Magazine design

I started art directing magazines while living in New Orleans.
Firstly, with a start-up called Tribe, an alternative glossy that we tried hard to distinguish from the rest of the entertainment newsprint slop that was and still is around the Crescent City. To do this we tried to be locally focused but compete on a national stage with the big boys like Detours, Paper, Details and their ilk. I got to experience designing by the skin of my teeth, doing all the jobs of a design dept. including picture researcher, scan-boy, ad builder, tea maker - all of this before any actual page layouts. Oh I nearly forgot, I handled all the production grunt work too. I’m not complaining mind you, I learned a lot about about the design process and handling deadlines, etc.
The publication caught the attention of some well known news outlets, got some fantastic exposure from MTV and USA Today, won some design awards and we were on the brink…but we fell at the last post as our funding bottomed out. It was fun while it lasted and I met some great people who I remain good friends with.

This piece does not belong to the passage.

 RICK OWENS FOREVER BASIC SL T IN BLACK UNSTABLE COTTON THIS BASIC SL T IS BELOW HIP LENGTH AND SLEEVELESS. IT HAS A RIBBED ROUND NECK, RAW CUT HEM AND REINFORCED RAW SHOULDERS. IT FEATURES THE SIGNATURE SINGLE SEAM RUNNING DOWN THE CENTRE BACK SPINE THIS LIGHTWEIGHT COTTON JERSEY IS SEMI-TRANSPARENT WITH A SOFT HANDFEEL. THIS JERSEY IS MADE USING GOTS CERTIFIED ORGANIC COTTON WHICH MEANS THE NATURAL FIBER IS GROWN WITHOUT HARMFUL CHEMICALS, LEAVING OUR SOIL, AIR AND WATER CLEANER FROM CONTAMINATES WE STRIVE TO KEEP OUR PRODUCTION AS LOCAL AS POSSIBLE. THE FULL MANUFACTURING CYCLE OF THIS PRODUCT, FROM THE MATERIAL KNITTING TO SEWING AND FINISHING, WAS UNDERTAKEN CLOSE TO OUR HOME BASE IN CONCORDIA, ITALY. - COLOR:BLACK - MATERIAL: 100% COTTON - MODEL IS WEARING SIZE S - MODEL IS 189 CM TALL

My next jaunt at the publishing racket was in London. I did a stint art directing for High Life, British Airways’ in-flight magazine. Contract publishing is just as cutthroat as consumer, and although the budgets were so much higher (I had a picture researcher and went on photo shoots to exotic places, nice!) the politics and backbiting flowed freely. I got my name on the masthead of a few nice issues and returned to the States.

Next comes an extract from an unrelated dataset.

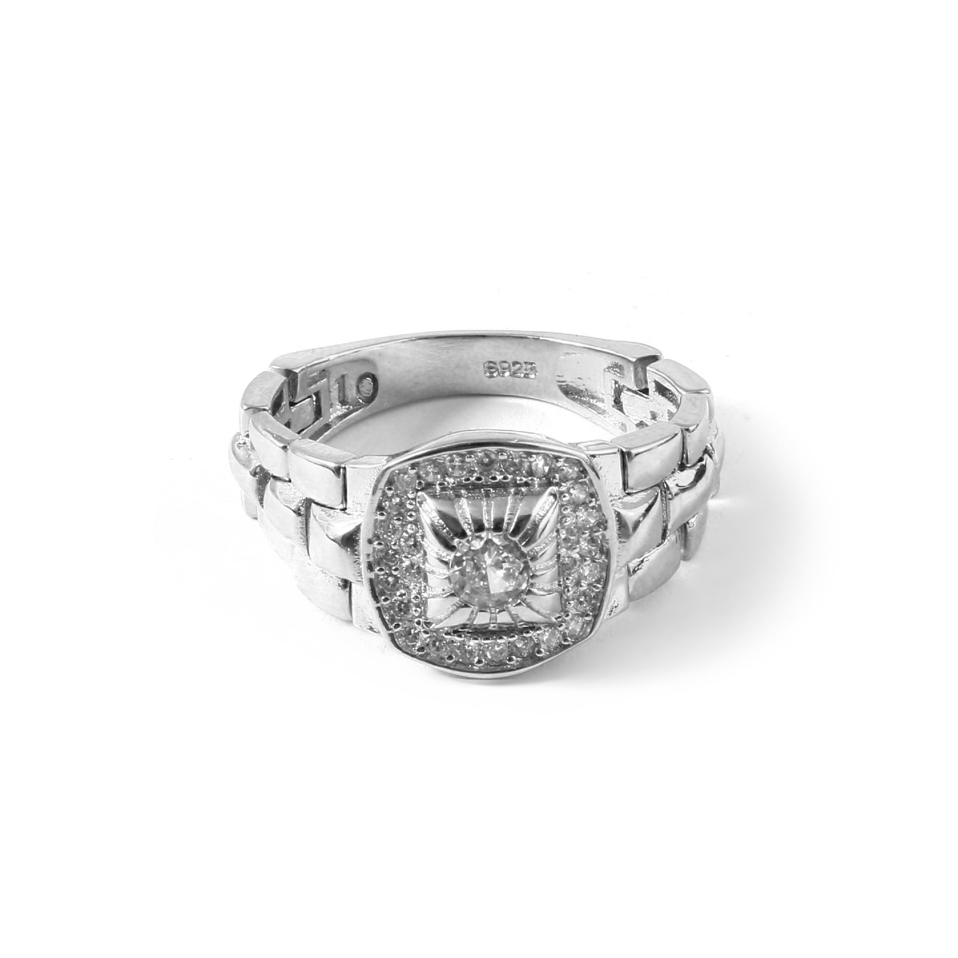 Make a strong style statement with this men’s 925 silver ring featuring a prominent cushion-cut zircon center framed by micro-studded zirconia accents.

My magazine experience since then has been more as a freelancer, helping out at Maxim along with doing the odd football program and product catalogue. As with a lot of print work, the allure of the printed page has diminished and been cannibalised by the new-fangled internets and online editions of mags. Tactile sensations are not as appreciated as they once were and the days of ink covered thumbs, the smell of soy ink, and the overpowering fragrance sample all seem to be receding at an alarming pace.
But not so fast…just when you thought it was safe to cancel your subscription, here comes the ipad which has come to save InDesign from the same fate as Pagemaker and perhaps Quark. You would’ve thought that since the magazine publishing industry has barely a pulse these days, anything would be an improvement to its current business model. It remains to be seen what effect it will have, will it be the next cycle of evolution as the Mac was to typesetting?